Substructural Parametricity
C. B. Aberlé, Chris Martens, Frank Pfenning
TL;DR
The paper addresses how parametricity interacts with substructural type systems to yield precise, type-level properties. It develops unary logical relations parameterized by a resource algebra $M$ (with operation $\cdot$ and unit $\epsilon$) and specializes them to monoid-based interpretations for ordered types and commutative-monoid interpretations for linear types, proving a fundamental theorem of logical predicates. This framework derives extensional inhabitancy results, such as the unique inhabitants of polymorphic list operators and certain tree traversals, and a striking result that the ordered type of list fold is inhabited only by the fold function.

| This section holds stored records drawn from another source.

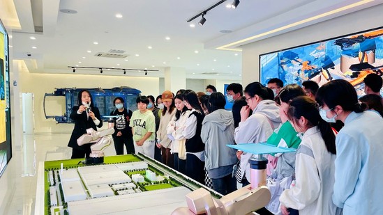 随后,讲解员带领学生参观了焊装车间和总装车间。从初步的图形设计到最终的车辆组装,每一个流程都让学生对汽车的认识更进一步。汽车德语课本上的知识真正跃然于眼前,抽象的学科也在实际运用中得以具象化。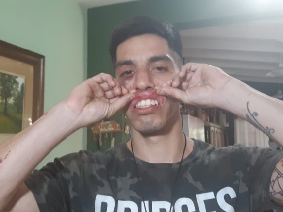 “Lo que me decía es que era un oficial de Gendarmería y que me reducía por un robo”, siguió el joven mientras mostraba las heridas en su rostro, boca y piernas.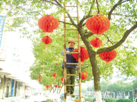 1月9日上午,在官河路,市园林管理处工作人员将一盏盏红色纸灯笼挂上枝头(如图)。据悉,市园林管理处将在官河路、北直街、江滨东路、富豪路以及剡园、文化广场等地挂放近6000盏纸灯笼,为剡城街头营造节日喜庆氛围。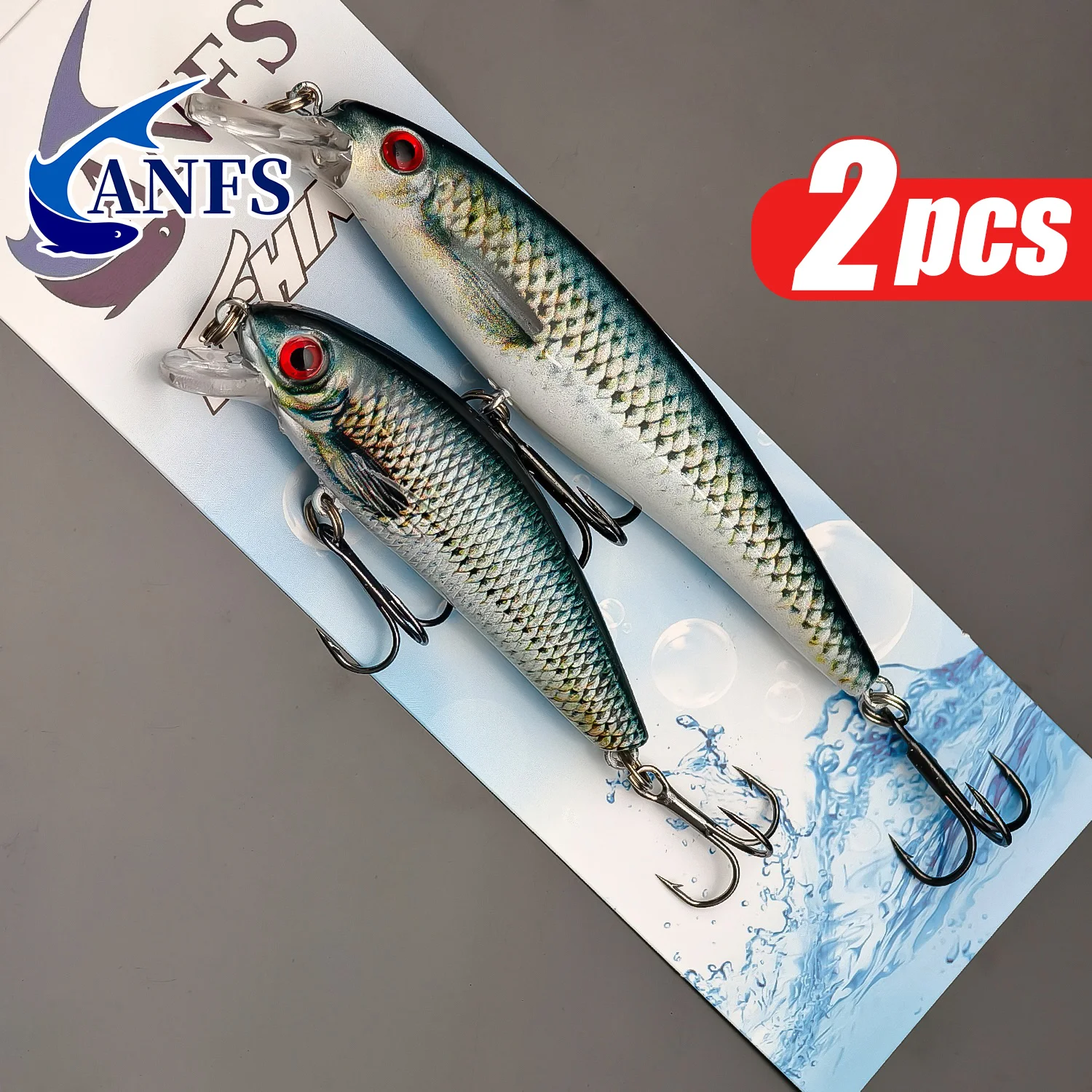 2 Stück ANFS Bunte sinkende Minnow-Angelköder – künstliche Köder mit lebendigen Mustern zum Angeln im Süßwasser und Salzwasser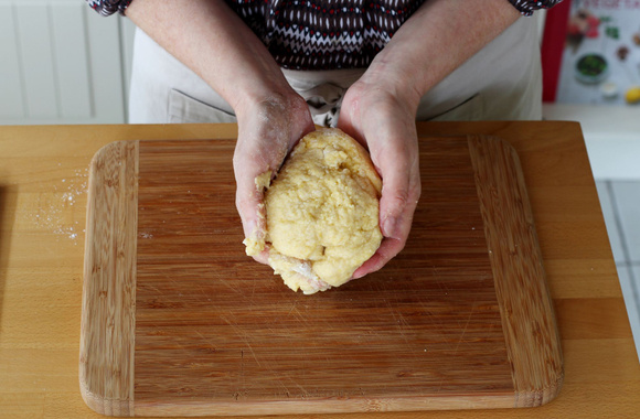 3Commencez à mélanger avec une cuillère puis pétrissez à la main juste assez pour former une boule.

The work provides a principled method to reason about substructural parametricity and suggests future extensions to adjoint frameworks for combining modes, all within a closed-term logical-relations approach that simplifies initial proofs while enabling rich semantic conclusions.
Abstract
Ordered, linear, and other substructural type systems allow us to expose deep properties of programs at the syntactic level of types. In this paper, we develop a family of unary logical relations that allow us to prove consequences of parametricity for a range of substructural type systems. A key idea is to parameterize the relation by an algebra, which we exemplify with a monoid and commutative monoid to interpret ordered and linear type systems, respectively. We prove the fundamental theorem of logical relations and apply it to deduce extensional properties of inhabitants of certain types. Examples include demonstrating that the ordered types for list append and reversal are inhabited by exactly one function, as are types of some tree traversals. Similarly, the linear type of the identity function on lists is inhabited only by permutations of the input. Our most advanced example shows that the ordered type of the list fold function is inhabited only by the fold function.